I found a tutorial allowing me to boot to Linux from Windows bootloader, so that the Secure Boot chain doesn't break.

Actually, that's precisely how you would break the Secure Boot chain. You have a signed bootloader (the Windows Boot Manager) and you're telling it to run completely arbitrary boot code with no signature on it – exactly the sort of thing that BitLocker's Secure Boot integration is supposed to prevent.

Besides that, Secure Boot means UEFI. But the linked tutorial talks about MBR bootcode, which does not apply here – the EFI boot process is completely different. (Even though most EFIs have a compatibility BIOS emulation mode, it's mutually exclusive with Secure Boot.)


Also, in UEFI, the Windows Boot Manager refuses to start third-party EFI applications even if you did add one. Even if you do have Secure Boot-compatible Linux EFI files and adapt the 'bcdedit' commands to EFI (e.g. grubx64.efi instead of mbr.bin), they'll still boot you into an error screen instead.

You can still dual-boot – but you will need to use the firmware's own boot menu (usually the one that shows up when you press Esc or F8) whenever you decide to boot Linux.

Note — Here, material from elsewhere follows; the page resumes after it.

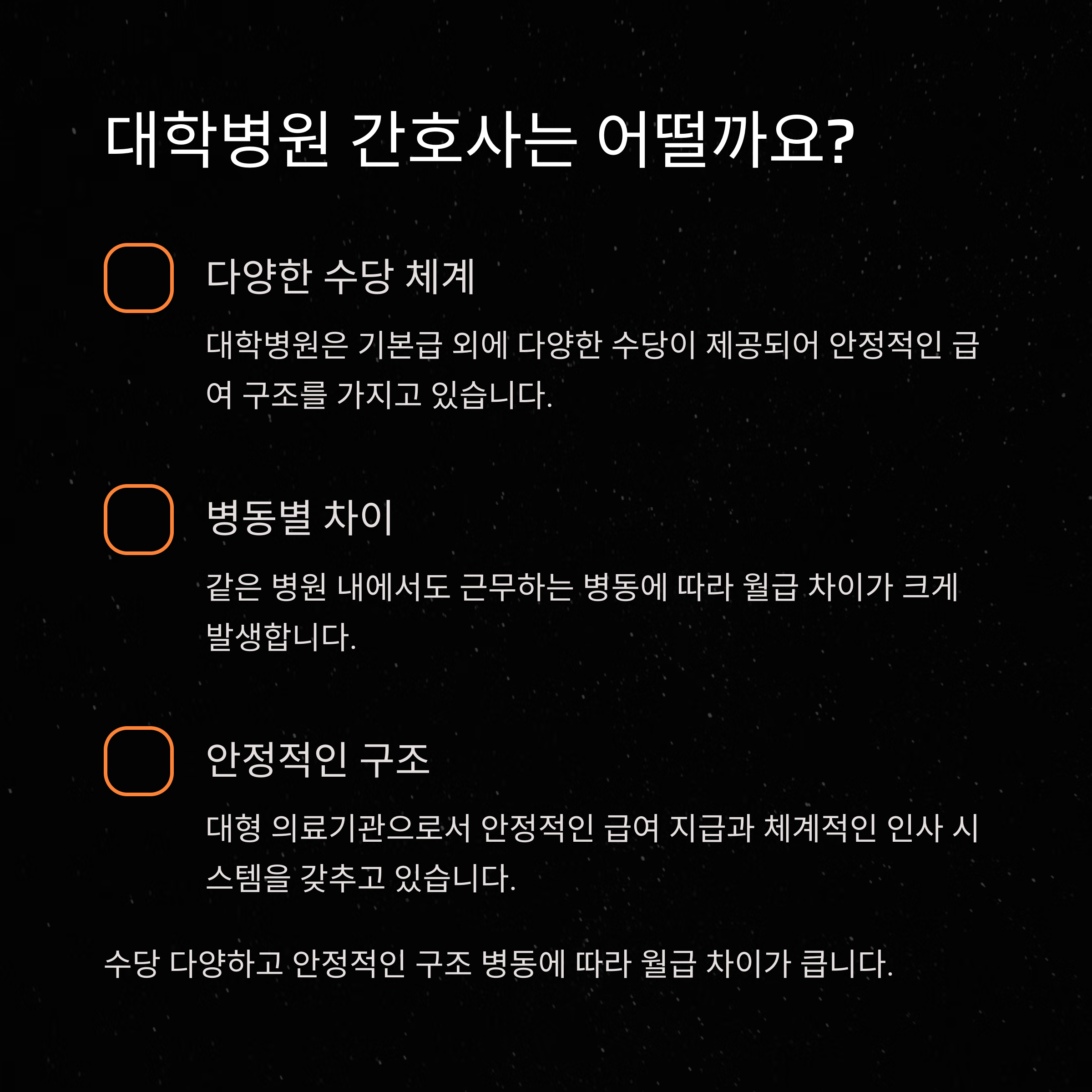 | 대학병원 | 월 270~310만 원, 수당 다양 |

A side note: BitLocker's TPM support does not actually require Secure Boot; it only requires the TPM Event Log to work. It is true that BitLocker prefers having Secure Boot available (so it can seal the disk keys against the signature chain found in the Event Log), but if that's unavailable, it'll use a different part of the Event Log which records the exact hashes of bootloaders that were used and such.

If you run manage-bde c: -protectors -get the non-SB sealing mode will be indicated by "PCRs: 0, 1, 4, 7" or something like that.

The downside of this mode is that it's more sensitive to e.g. EFI boot menu changes or partition table changes, and especially Windows kernel/bootloader updates (as all of those are hashed and accounted in PCRs 0/1/4/7), so you should always have the numeric recovery password handy. (For comparison, the SB-aware mode only seals the key against the boot order and the Secure Boot signing certificates, so it's less fragile but perhaps also less secure against downgrade attacks.)

BitLocker will also do this if Secure Boot is available but the chain is not entirely trusted. For example, even if you have a signed and Secure Boot aware GRUB, you still cannot chain GRUB→Windows – it'll boot the OS, yes, but BitLocker will still insist on using basic PCR-based sealing and will refuse to use Secure Boot-based sealing.


So in the end, if you want to dual-boot on encrypted disks, you will need to let Windows and Linux do their own things: you can keep using BitLocker for the Windows partitions, but Linux will need to handle its own decryption for its own root partition (LUKS is the preferred choice).

However, there are relatively easy ways to achieve automatic TPM-based unlocking for Linux, and they can even be used on dual-boot systems without disrupting Windows.

(Shared data partitions can continue to use BitLocker – their keys are always file-based or password-based, never TPM-sealed, so Linux can unlock them using regular tools such as Dislocker or cryptsetup.)